Inside the courtroom at the Aleppo Palace of Justice (Syria), November 18, 2025. BAKR ALKASEM/AFP
With hoods pulled over their heads, seven defendants were brought in by the military police, unshackled, some in uniform, into a room at the Aleppo Palace of Justice. Another seven, handcuffed and with their heads lowered, followed in single file. Members of the security forces belonging to Syria's new authorities and supporters of former dictator Bashar al-Assad sat together in the dock as the trial opened on Tuesday, November 18, in northern Syria's largest city, to judge the crimes committed from March 7 to 9 on the Alawite coast.
Clashes broke out after a rebellion organized by former officers loyal to al-Assad against the security forces in coastal cities.
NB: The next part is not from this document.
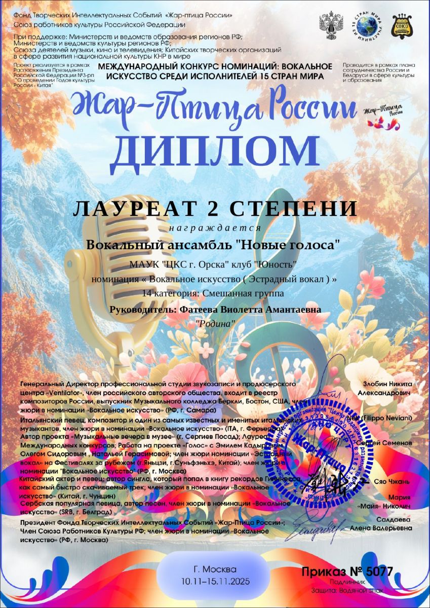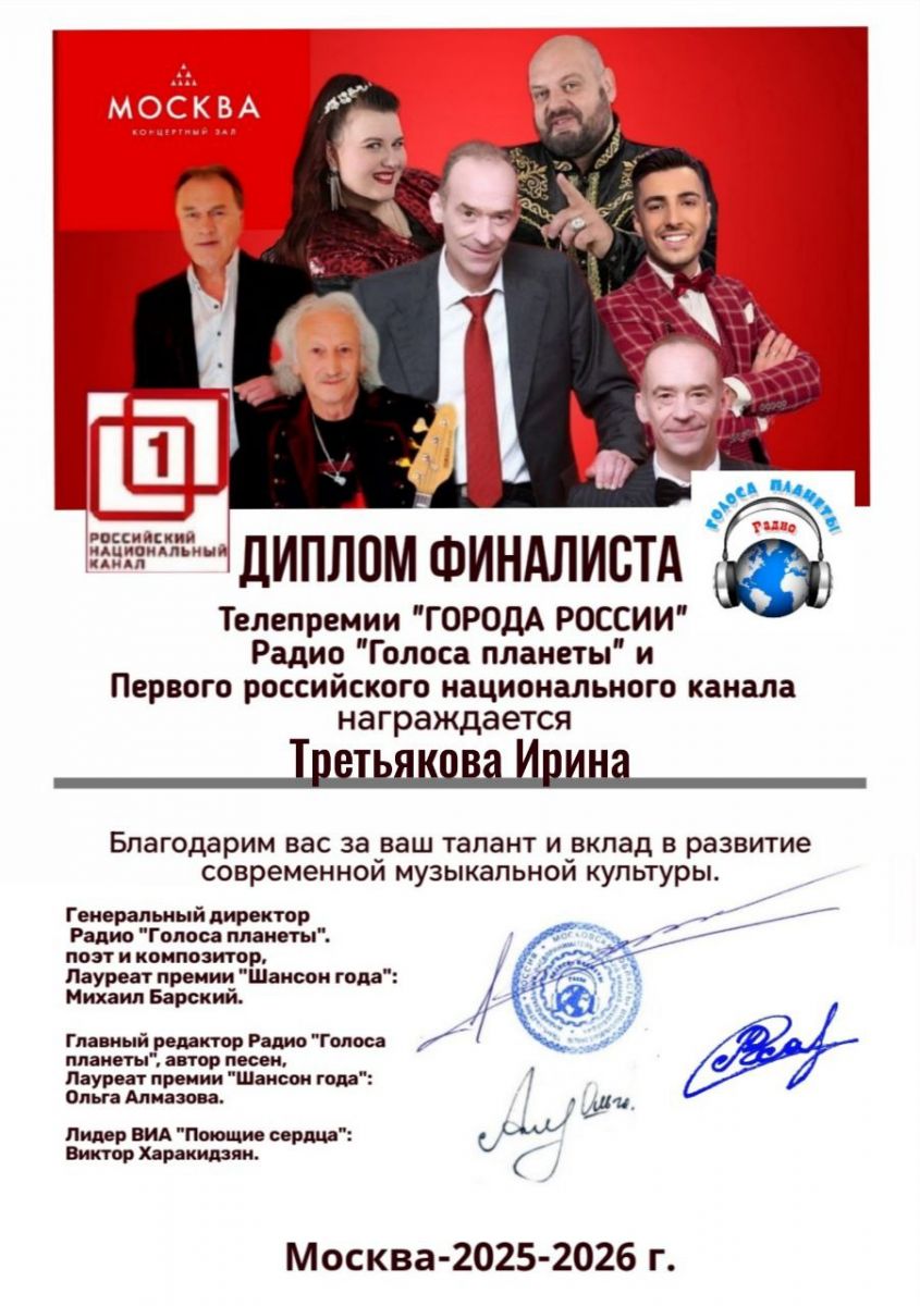 И, несмотря на то. что ансамблю "Новые голоса"только 3 года, они уже успели заявить о себе в различных конкурсах и фестивалях. Их копилка достижений пополнилась еще одной наградой: дипломом 2 степени международного конкурса "Жар-птица России". А участница коллектива Третьякова Ирина участвовала в конкурсе Телепремии "Города России" и получила Диплом финалиста.

The counter-offensive led by these forces, along with armed factions and volunteers, escalated into massacres of Alawite civilians, a religious minority from which the al-Assad clan descends. A government commission of inquiry concluded in July that more than 1,400 people – mostly civilians, along with 238 members of the security forces – were killed.
In the cramped courtroom, given the trial's significance, dozens of Syrian and foreign journalists filled the benches behind a handful of families. "The transparency we are witnessing in this trial is unprecedented. Justice will be served for all the defendants, regardless of their military background, faith or ideology," promised Baraa Abdel Rahman, spokesperson for the Ministry of Justice. "This is a milestone for strengthening the rule of law. Without a truly fair and transparent trial, there will be no stability in the country," he added while highlighting the issue of arms control.